While China experienced decades of tumult after 1949, the current Chinese leader Xi Jinping and his longtime ally Wang Huning (who was recently elected as the Chairman of the CPPCC), are seeking to rehabilitate the unique characteristics of Chinese social democracy that originated from Zhang Lan’s Democratic League and have continued through the CPPCC.

China never had only one path to modernity; nor has it ever been that case that the current state was inevitable. 

Frequently lost are the stories of alternative modernities that were desired by many ordinary people, in many places, and at many times in China’s recent past. Yet, while these stories are relatively rare in the West, in China today many of the most well-known political theorists, philosophers, historians, and even politicians, themselves, are now looking back in order to chart the path forward. 

For example, Xi Jinping on numerous occasions has delivered speeches about the value of Chinese traditional culture, including Confucianism. He has  praised "consultative democracy" in books and speeches. More recently, the political scientist Zhang Weiwei has tried to recast Western democracy as “procedural democracy” which he claims is inferior to his concept of “people’s democracy” – and he is not alone. The Canadian scholar Daniel Bell, who was famously the “Dean of Shandong” and many others along with him, have written volumes on the idea of a new Confucian Democracy for East Asia.

Yet, these ideas are not at all new.
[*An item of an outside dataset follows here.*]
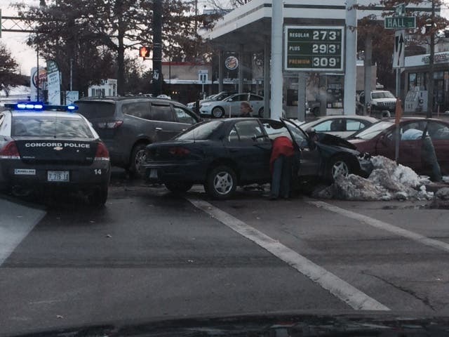 A crash occurred at the intersection of Water and Hall streets in Concord at about 2:30 p.m. on Dec. 1, according to a post on Twitter and a picture submitted to Patch.

We can trace them back to those who sought to create a different China in the 1930s and 1940s – the Third Force. 

There have been a number of books written about the Democratic Socialists, China Youth Party, the Rural Reconstruction Party, the Democratic League, the Third Force, and the Minor Parties and Groups as a whole; but few, if any, works have looked at this topic since Xi Jinping’s rise to power, his “Thought on Socialism with Chinese Characteristics for a New Era” and the new merger of Marxism and Confucianism today – the implications of these processes and platforms stretch beyond the borders of the People’s Republic of China.

Therefore, my research examines the creation of the China Democratic League and seeks to discover how the Minor Parties and Groups related to each other, and to Mao Zedong and Chiang Kai-shek. My work traces the lineage of the Chinese People's Political Consultative Congress  from the Double Tenth Agreement in 1945 to the retreat of the Guomindang to Taiwan in 1949 to the establishment of the People's Congress in 1954, and beyond.

I examine the interactions and outcomes for potential evidence on how this process might have implications for the contemporary push by Beijing to create not just a “Beijing Model,” but perhaps also a “Beijing Consensus” that stands in opposition to the Western Liberal democracies and the so-called Washington Consensus.

From the 8th Party Congress in 1956, when the Communist Party finally controlled the whole of the mainland and began to institute their agenda, to the 18th Party Congress that ushered the princeling Xi Jinping into office as the new great helmsman, the United Front and NPPCC have been among the largest sponsors of legitimacy and authority for the Communist Party. Thus, as Xi Jinping seeks to leave his legacy and to continue deepening reforms, these unique existing political platforms and processes will undoubtedly play a pivotal role.